Sobre  la demora en las actuaciones judiciales, esta Corporación ha  precisado que:  

…la  protección del derecho fundamental al debido proceso por mora  judicial, se circunscribe a la verificación objetiva de su  calificación entre justificada e injustificada, pues si existe  alguna de las causales de justificación, tales como la fuerza  mayor, el caso fortuito, la culpa del tercero o cualquier otra  circunstancia objetiva y razonable que permita establecer que la mora  es aceptable, no podrá predicarse la violación del  derecho al debido proceso.

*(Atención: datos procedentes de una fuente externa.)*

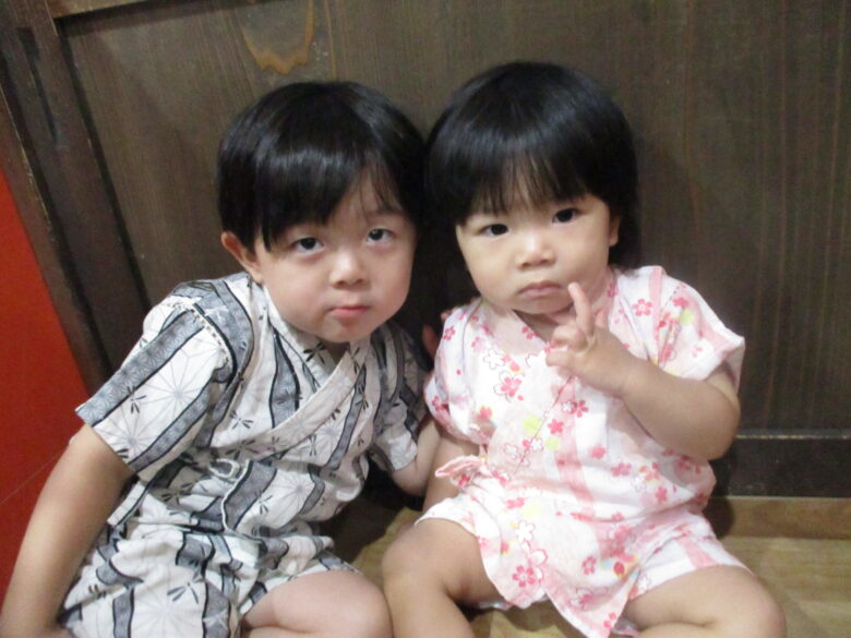 同じクラスのお友達と可愛い甚平姿💖

Se insiste, la protección efectiva  del derecho opera cuando la mora judicial es injustificada  (CSJ  STC, 19 sep. de 2008, rad. 2008-01138-00; reiterada en STC, 25 feb.  2013, rad 2013-00003-01; STC, 5 feb. 2014, rad. 2014-00549-01;  STC10755-2015, 11 ago., rad. 2015-01287; y STC12572-2015, 17 sep.,  rad. 00231-01).  

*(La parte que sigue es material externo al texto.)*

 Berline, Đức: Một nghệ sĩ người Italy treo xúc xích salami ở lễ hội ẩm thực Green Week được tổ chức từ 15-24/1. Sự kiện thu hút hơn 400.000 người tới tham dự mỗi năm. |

Igualmente esta  Sala ha indicado que las situaciones en las que es procedente el  resguardo constitucional por mora judicial son «…las  que sean el indisimulado producto “de un comportamiento  desidioso, apático o negligente de la autoridad vinculada, y  no cuando ésta obedece a circunstancias objetiva y  razonablemente justificadas”»  (CSJ  STC, 29 abr. 2011, rad. 2011-00094-01).  

Ciertamente, de  cara al caso concreto, encuentra la Sala que las actuaciones no  muestran comportamientos  negligentes del Colegiado acusado, pues la carga laboral y el turno  con el que cuenta el proceso, obedecen a circunstancias  razonablemente justificadas, destacándose que en auto de 25 de  octubre de 2022 se requirió al apoderado del actor con miras a  que expresara si coadyuvaba la solicitud de desistimiento del  mencionado recurso.  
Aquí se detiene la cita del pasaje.